Neem schoonmaakwerk, zegt Nijhuis. „Dat is allang niet meer zo simpel als het lijkt. Je moet kunnen werken met verschillende middelen en machines en dat in een hoog tempo. Maar mensen met een beperking zijn absoluut niet in staat om in 2 minuut 15 een kantoorruimte te doen.”
Opknippen dus al die functies, stelt de hoogleraar, die in 2008 lid was van een commissie die zich in opdracht van het vorige kabinet boog over de Wet sociale werkvoorziening (WSW). „In een moeilijk deel en een makkelijk deel. Met wat begeleiding kunnen veel werknemers die nu nog in een sociale werkplaats functioneren dit dan prima aan.”
Boemerang
Die begeleiding kan volgens Nijhuis ook het beste door sociale werkvoorziening worden geboden. „Daar zit de expertise. Bovendien lopen er nu zo’n vijftig proefprojecten om te kijken hoe de weg vanuit de sociale werkvoorziening naar werkgevers verbeterd kan worden. Het had wijs geweest wanneer Rutte daarvan de vruchten had afgewacht in plaats van nu te roepen: we gaan korten en dan bereiken we vanzelf ons doel. Zijn beleid getuigt van onzorgvuldigheid en onnadenkendheid en het brengt de mensen die het al lastig hebben in het leven nog verder in de problemen.”

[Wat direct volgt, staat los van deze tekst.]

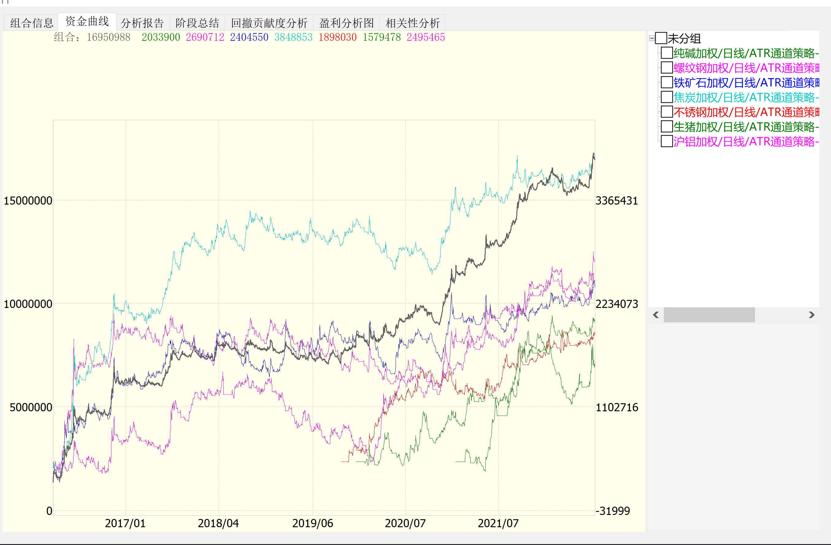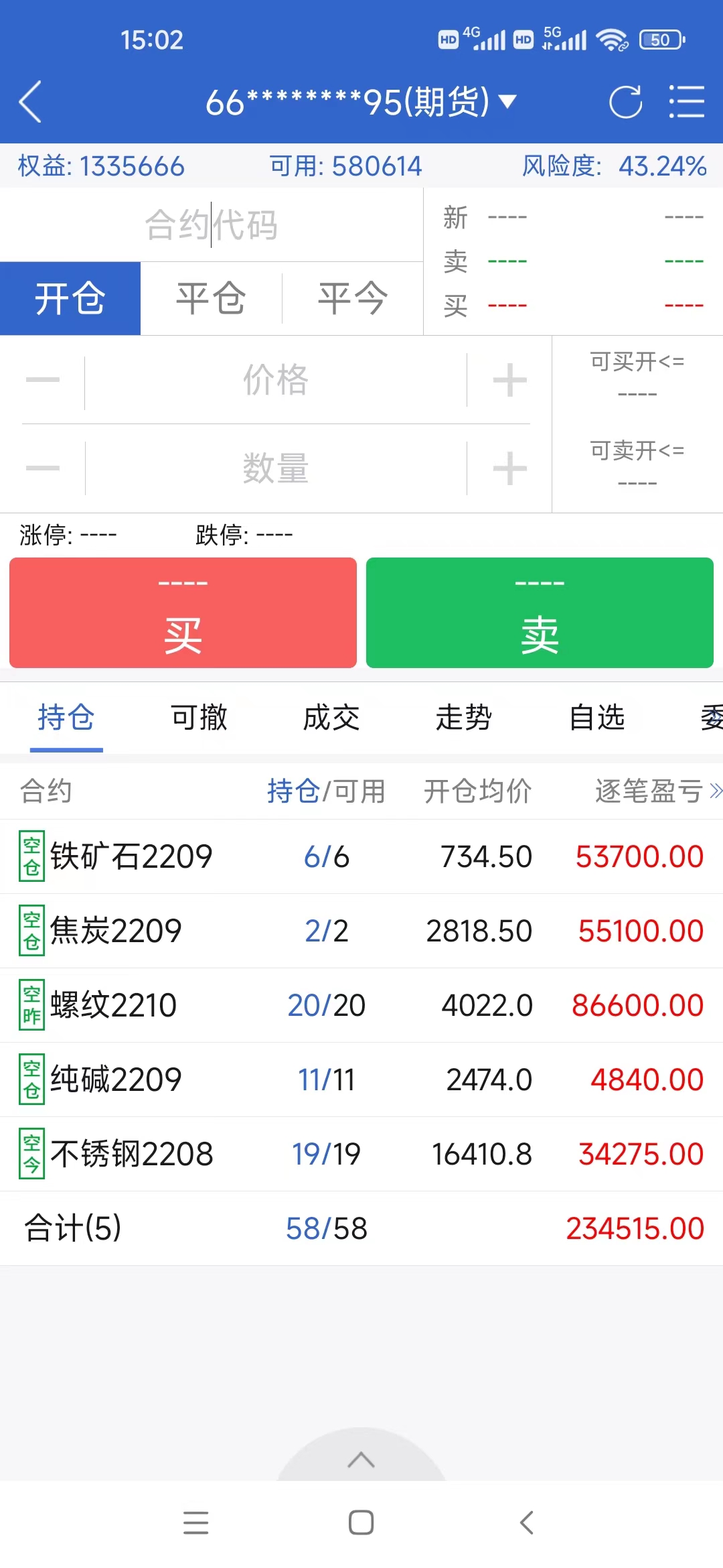 另一个期货账户,昨天开始量化实盘,投入110万,现在浮盈5万多。

Ruttes bezuiniging kan op die manier best eens als een boemerang in zijn gezicht terugslaan, verwacht Nijhuis. „Als je wilt dat mensen met een beperking hun mogelijkheden om regulier te werken beter benutten, moet je daarvoor de juiste voorwaarden creëren. Want niet participeren leidt tot veel hogere maatschappelijke kosten. Dan is de kans dus groot dat je over vier jaar tot de conclusie komt dat er veel meer mensen buiten de arbeidsmarkt staan, vervreemd en geïsoleerd van de maatschappij. En dat er dringend iets uitgevonden dient te worden om hen te helpen. Zoiets als een sociale werkvoorziening bijvoorbeeld. Net als in andere landen.”
Het kabinet wil toe naar één regeling voor de onderkant van de arbeidsmarkt, die de bijstand, de regeling voor jonggehandicapten (de Wajong) en de sociale werkvoorziening hervormt. De invulling van het plan volgt nog. Mensen die het betreft maken zich intussen al wel zorgen, want er moet ook worden bezuinigd. Deel 1: mensen met een indicatie Wet sociale werkvoorziening (WSW) – voor wie een arbeidsbeperking heeft maar toch wil werken.
WSW’ers vormen een diverse groep mensen. Drie portretten vanuit sw-bedrijf !GO voor mensenwerk in Oosterhout (Noord-Brabant).
Oscar Nagy (56) zit sinds 1996 in de WSW. Voorheen was hij vrachtwagenchauffeur, maar na een ongeval op de weg kon hij dat werk niet meer doen. Bij !GO is hij voorzitter van de ondernemingsraad. „Ik praat met vakbonden en houd me bezig met van alles wat met wet- en regelgeving te maken heeft. Ik ben de lijm tussen !GO en de medewerkers.”
Na het ongeluk belandde hij voor een groot deel in de WAO. „Ik vroeg me af: ben ik nu afgeschreven voor de maatschappij? Ik wilde werken.” Dus probeerde hij een WSW-indicatie te krijgen. Dat lukte.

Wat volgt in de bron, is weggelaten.